Em sua obra sobre o Neoconstitucionalismo, Cunha Júnior (2012), assevera:
O Neoconstitucionalismo representa o constitucionalismo atual, 
contemporâneo, que emergiu como uma reação às atrocidades cometidas 
na segunda guerra mundial, e tem ensejado um conjunto de transformações 
responsável pela definição de um novo direito constitucional, fundado 
na dignidade da pessoa humana. O Neoconstitucionalismo destaca-se, 
nesse contexto, como uma nova teoria jurídica a justificar a mudança de 
paradigma, de Estado Legislativo de Direito, para Estado Constitucional 
de Direito, consolidando a passagem da Lei e do Princípio da Legalidade 
para a periferia do sistema jurídico e o trânsito da Constituição e do 
Princípio da Constitucionalidade para o centro de todo o sistema, em face 
do reconhecimento da força normativa da Constituição, com eficácia 
jurídica vinculante e obrigatória dotada de supremacia material e intensa 
carga valorativa. (CUNHA JÚNIOR, 2012, p. 29)

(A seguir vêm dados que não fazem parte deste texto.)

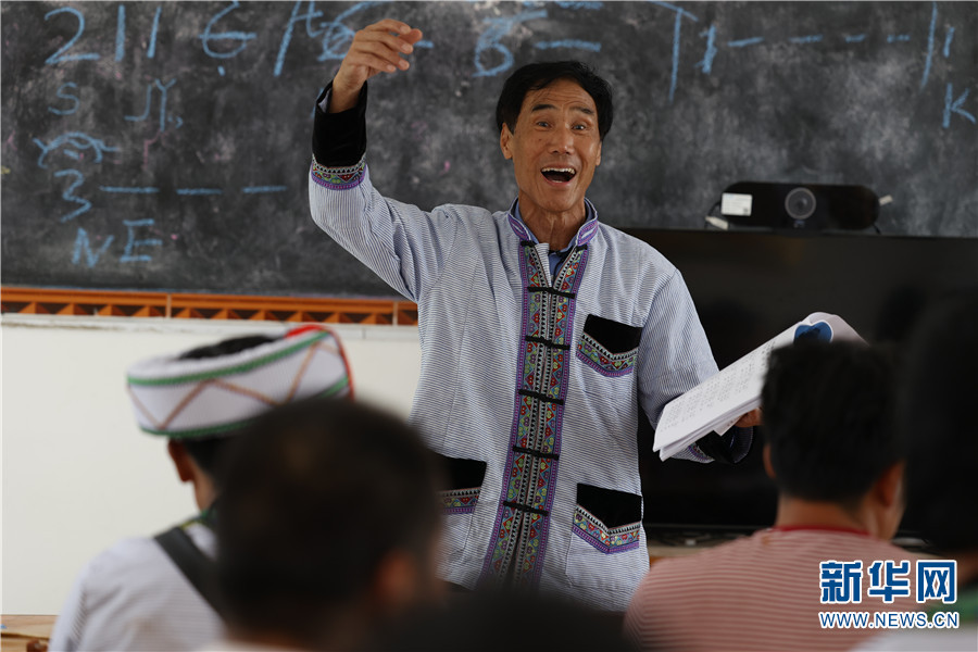 趙科老師正在教村民唱傈僳族民歌。新華網(wǎng) 丁凝 攝

Esse novo movimento constitucional, que surgiu em meados do século XX, na 
Europa, visou reconhecer a supremacia material e axiológica da Constituição, 
cujo conteúdo [da Constituição] passou a ser dotado de força normativa. Assim, a 
próxima figura traz a representação da piramidal do ordenamento jurídico.
Forma piramidal
Constituição
Emendas constitucionais 
sobre direitos humanos
Leis infraconstitucionais
Leis estaduais
Leis municipais
Fonte: Elaborada pela autora (2020).
Verifica-se, nesse contexto, que a Constituição se tornou o centro do sistema 
jurídico, devendo ser feita toda interpretação jurídica em consonância com os 
valores e princípios constitucionais.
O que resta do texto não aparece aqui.